In the past two years, the number of non-empty wallets for BTC and ETH has increased by 27% and 47%, respectively.
Santiment reported that the number of cryptocurrency holders has significantly increased in the past two years. Here are the numbers of non-empty wallets for the top four cryptocurrencies ranked by market capitalization:
BTC: 54.7 million (+27%);
ETH: 13.49 million (+47%);
USDT: 6.57 million (+66%);
XRP: 5.75 million (+28%).
Analysts: As of December 20, 74,052 BTC have been withdrawn from exchanges this month.
On December 20, crypto analyst AIi stated that as of now, 74,052 BTC have been withdrawn from exchanges in December, and this trend does not seem to be slowing down.
BTC continues to flow out of exchanges.
Since September, long-term Bitcoin holders have sold 1 million BTC.
In mid-December, long-term Bitcoin holders had already sold a large amount of Bitcoin, reducing their total holdings from about 14.2 million in mid-September to about 13.2 million. The current trading price of Bitcoin is 13% lower than the historical high of around $108,000, which is the highest level since Trump won the US election in early November.
According to Glassnode data, on December 19, long-term Bitcoin holders sold nearly 70,000 BTC, marking the fourth-largest single-day sell-off this year.

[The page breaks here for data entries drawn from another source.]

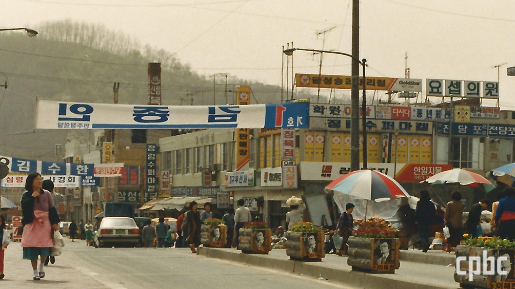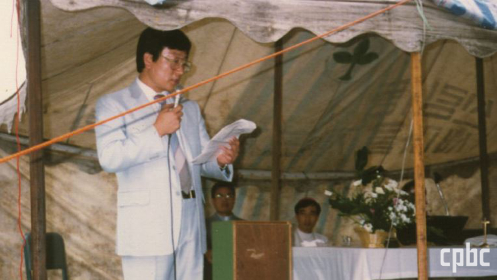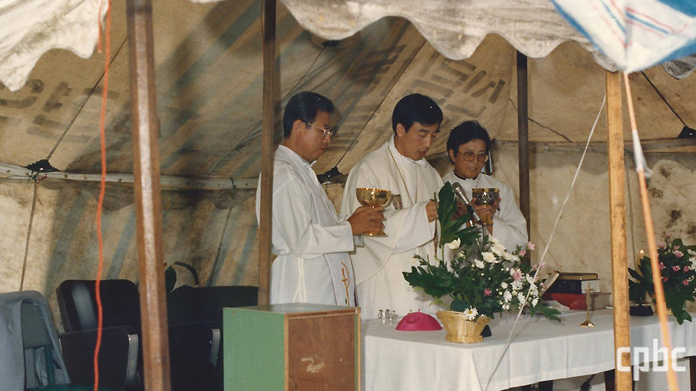 1987년 8월 29일 신림사거리 관악종합시장 옥상에서 서울가톨릭사회복지회를 담당하는 강우일 주교가 요셉의원 개원 미사를 주례하고 있다.
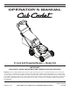 Safety • Assembly • Operation • Tips & Techniques • Maintenance • Troubleshooting • Parts Lists • Warranty OPERATOR’S MANUAL 21-inch Self-Propelled Mower — Model 949 IMPORTANT READ SAFETY RULES AND INSTRUCTIONS CAREFULLY BEFORE OPERATION Warning: This unit is equipped with an internal combustion engine and should not be used on or near any unimproved forest-covered, brushcovered or grass-covered land unless the engine’s exhaust system is equipped with a spark arrester meeting applicable local or state law
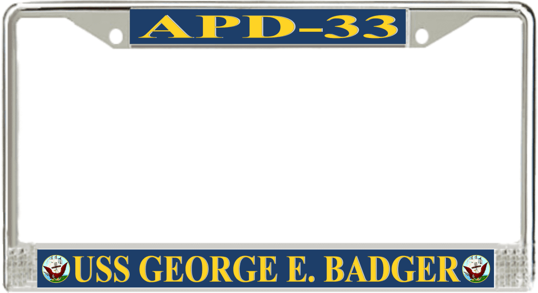 USS George E. Badger APD-33 License Plate FrameThis USS George E. Badger APD-33 License Plate Frame is proudly made in the USA at our facilities in Scottsboro, Alabama. Each of our MilitaryBest U.S. Navy Frames feature top and bottom Poly Coated Aluminum strips that are printed using sublimation which gives these quality automobile military frames a beautiful high gloss finish.
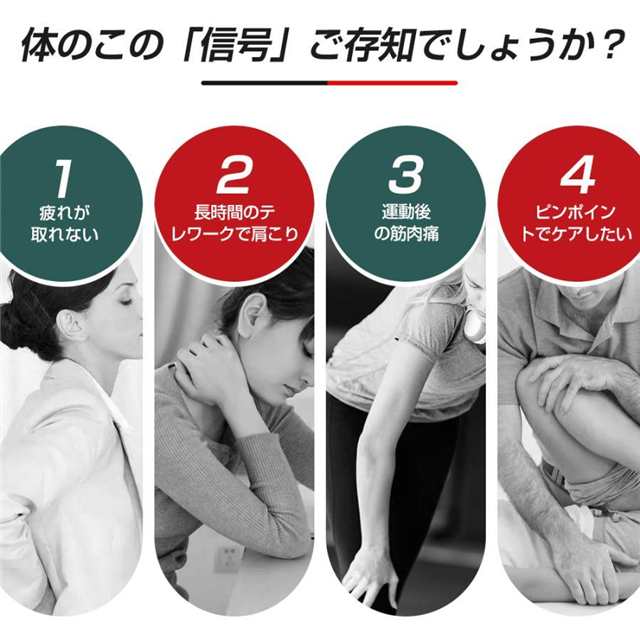 ・4種類マッサージヘッド:U型ヘッド、円柱型ヘッド、球型ヘッド、平型ヘッド。
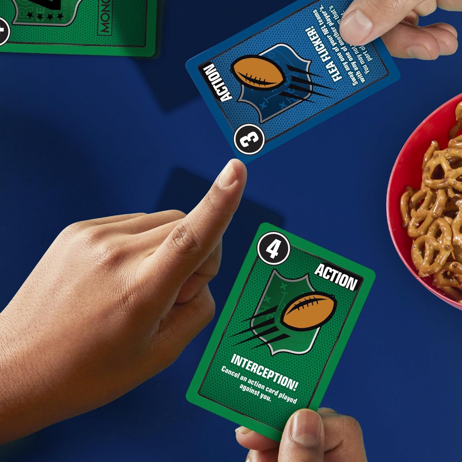 - NFL-THEMED MONOPOLY CARD GAME: A football twist on a family favorite! Compete to collect National Football League teams from across the league in the Monopoly Deal NFL Edition game. Ages 8+
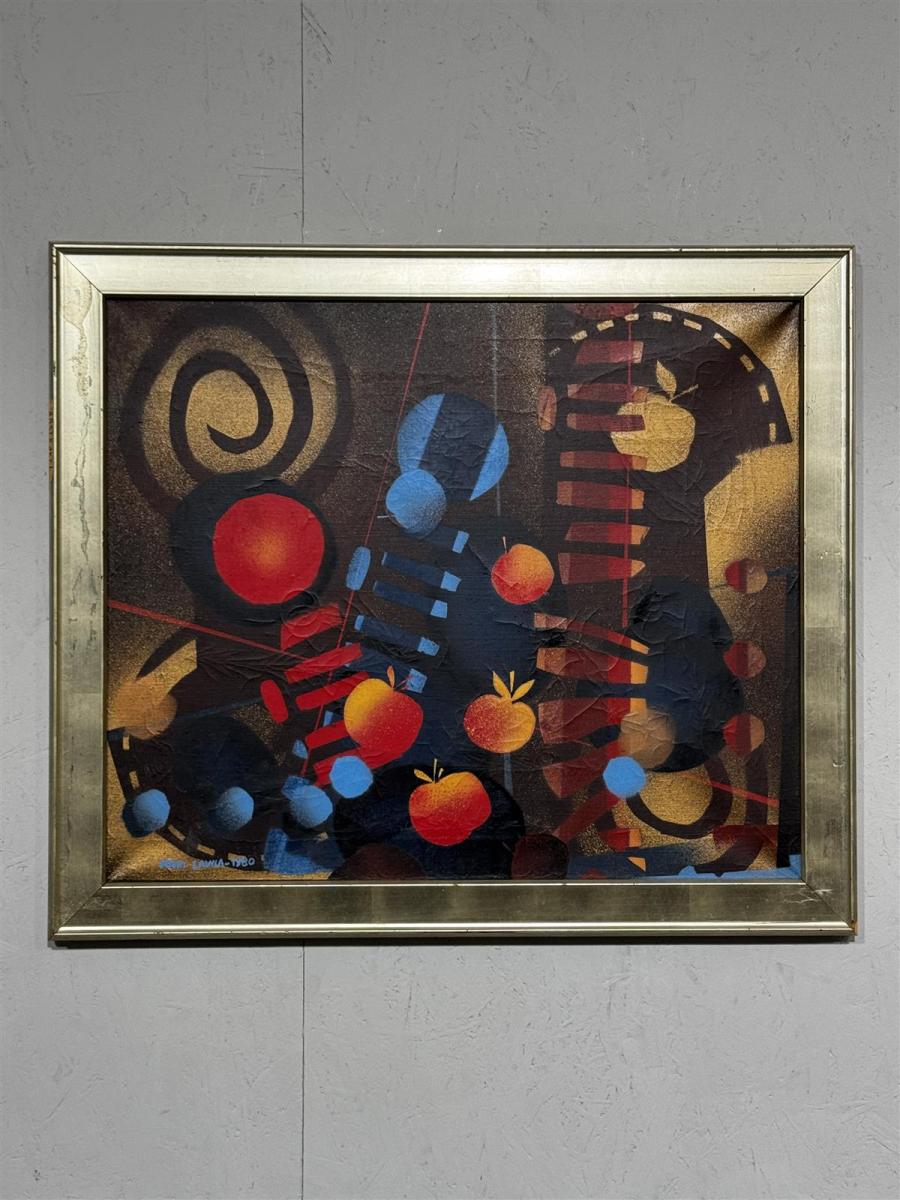 Öljyvärimaalaus kankaalle, jonka on signeerannut Kari Lavila vuonna 1980. Teos esittää abstrakteja muotoja ja värejä, kuten punaisia ja sinisiä ympyröitä sekä keltaisia ja oransseja elementtejä.
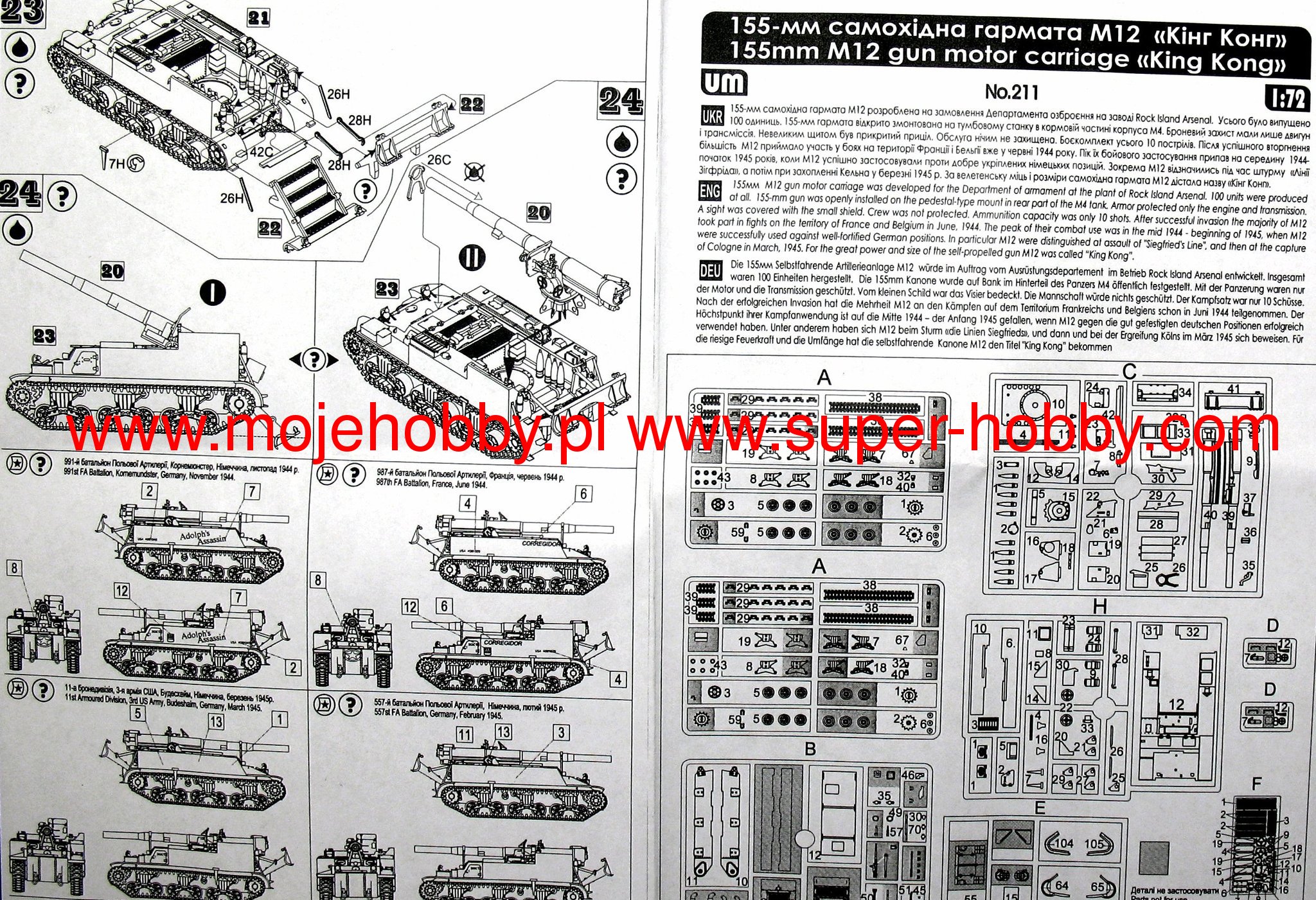 The M12 King Kong was an American self-propelled gun from the Second World War. The first prototypes of the car were built in 1941, and serial production continued in 1942-1943, ending with the production of about 100 examples of this vehicle. The M12 King Kong was powered by an engine Continental R-975-C1 with 400 HP. It was armed with a single M1917 or M1918 or M1918A1 gun - all 155 mm caliber. Work on the M12 began in connection with the pursuit of the US Army command for its far-reaching mechanization and motorization, based on the experience of the first years of World War II. These experiences indicated the necessity to have self-propelled guns of various calibers capable of working with infantry. One of the fruits of the work undertaken in this spirit was precisely M12 King Kong. To shorten the research process and facilitate production, the modernized chassis of the M3 Lee tank was used. The main changes were the placement of the engine in the middle of the hull and the installation of a gun mount at the rear of the vehicle. After minor modifications, the M12 King Kong guns took part in the fighting in Normandy, France and West Germany in the period 1944-1945 as part of field artillery squadrons, most often subordinate to the commands of the American corps. After 1945, they were quickly withdrawn from service for the M40 self-propelled guns built on the chassis of the M4 Sherman tanks.
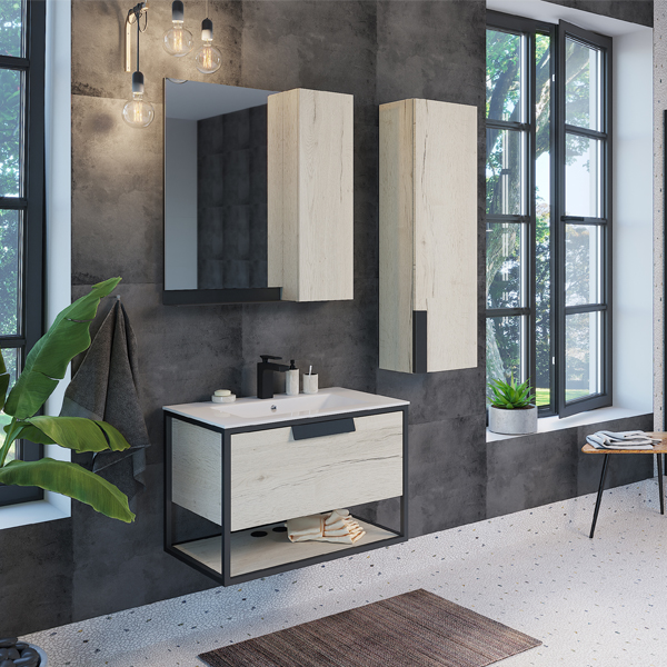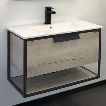 Тумба с раковиной Comforty Бонн 75 графит/дуб дымчатый
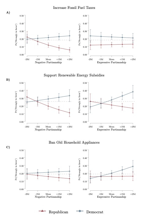 One promising finding is that the strength of partisan identity—what is often called expressive or positive partisanship—does not appear to have a strong association with climate policy preferences. That is, our results imply that a strong “Republican” identity can coexist with support for fossil fuel taxes or renewable energy taxes.
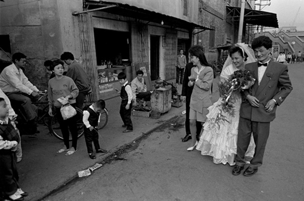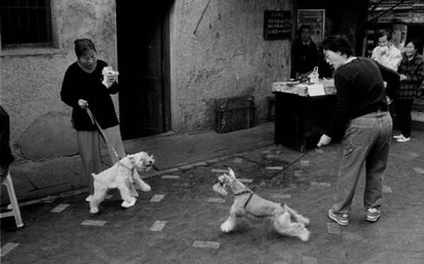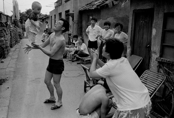 这样的光景不复存在,只能在照片中寻得,改革开放后的30年里,弄堂发生巨变,弄堂里的人也改变了。1981年胡杨被多伦多大学录取,父母以年迈为由留住了他,之后舍弃诸多机会后,他做过木工、记者、编辑,始终沉迷摄影,进行着漫长的拍摄。胡杨从1980年开始拍《上海弄堂》,漫长而全面地勾勒出了这一切。80年代,一件皮尔卡丹西装是“登样”的象征,西风吹来,弄堂里的时髦份子蠢蠢欲动,他们中有人会光着膀子穿西装,标签绝对不撕掉;看完美国科幻连续剧《大西洋底来的人》,人们戴起蛤蟆镜,镜片上贴着的“Made in Hongkong”比蛤蟆镜还惹眼;计划经济下,发的肉票填不饱肚子,弄堂里杀狗吃肉逢年过节常能见到,养狗还未完全升华到精神和生活伴侣的程度……《上海弄堂》用28年记录了上海蜕变的点滴,于2008年出版。
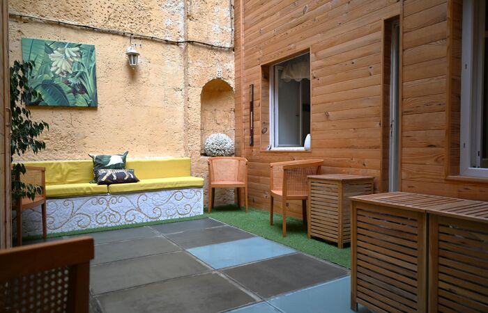Bel appartement offrant un salon lumineux avec belles hauteurs sous plafond, 1 cuisine aménagée et équipée, 1 salle d'eau, des WC séparés, 1 chambre, ainsi qu'1 chambre avec cabinet de toilette indépendante donnant de l'autre côté de la cour privative close et couverte de 17 m².
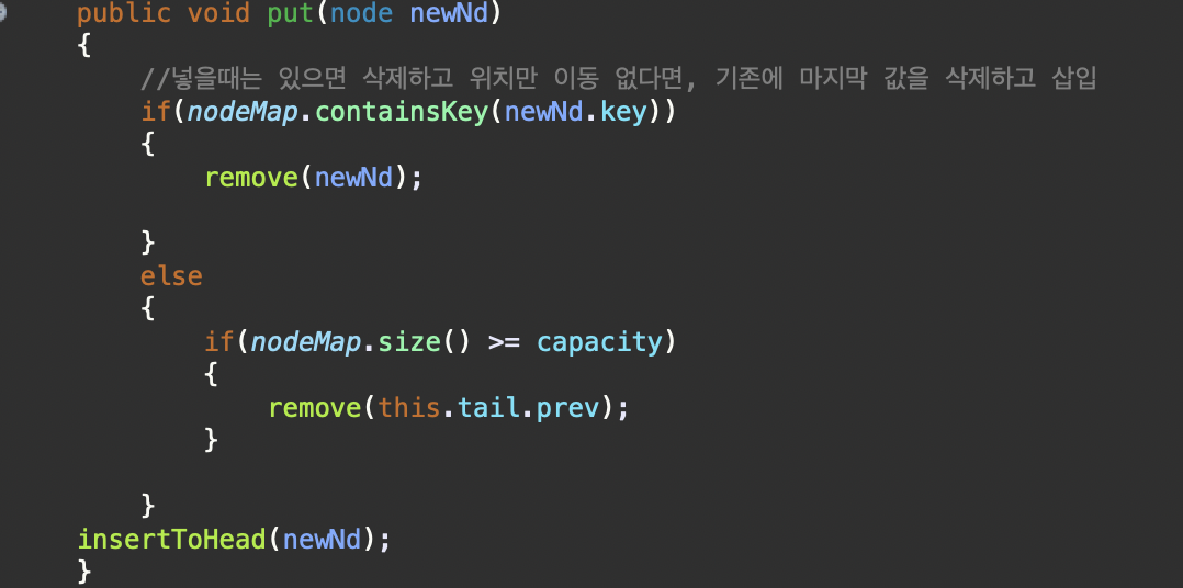 -> 해당 함수 호출시에 이미 존재하지 않는다면, 캐시 사이즈 체크하고 마지막 remove를 진행 필요시에 진행하고 insertTohead

Recently, multiple addresses worth over $20 million have been activated after years of dormancy.
Bitcoin fell below $96,000 on December 22, a drop of about 11% since breaking through $108,000 on December 17, 2024.
Meanwhile, at a block height of 875,560 in the Bitcoin network, a wallet that had been dormant since July 25, 2015, was activated and transferred 44.99 BTC, marking its first activity since creation. The same user actually transferred a total of 59.99 BTC, moving funds from three old addresses (P2PKH) to two Pay-to-Witness-Public-Key-Hash (P2WPKH) wallets. Of these, 44.99 BTC came from 2015, when the BTC trading price was $290. Then, 43 blocks later, several wallets left over from 2017 became active, transferring a small amount of Bitcoin (0.00000547 BTC) at block 875,603.
This model of sending Bitcoin fragments cleverly conceals larger-scale transfers. Once the satoshis are settled, a newly minted P2WPKH wallet will receive 99.999 BTC, worth $9.7 million at current prices. On Saturday, a wallet that had been dormant for 12 years was activated, transferring 104.99 BTC when BTC was only worth $11, totaling $1,200. Now, these BTC are worth over $10 million. This transfer also migrated from the old P2PKH address to the new P2WPKH address.
BTC continues to flow out of exchanges: Coinbase is accelerating its outflow.
Coinglass data shows that the current Coinbase Pro Bitcoin wallet balance is 733,076.34 BTC, ranking first among CEX; inflows of 16.69 BTC in the past 24 hours, outflows of 14,661.50 BTC in the past 7 days, and outflows of 70,185.16 BTC in the past 30 days.
Binance's Bitcoin wallet balance is 571,802.93 BTC, with inflows of 1,458.46 BTC in the past 24 hours, inflows of 4,199.11 BTC in the past 7 days, and outflows of 10,412.79 BTC in the past 30 days.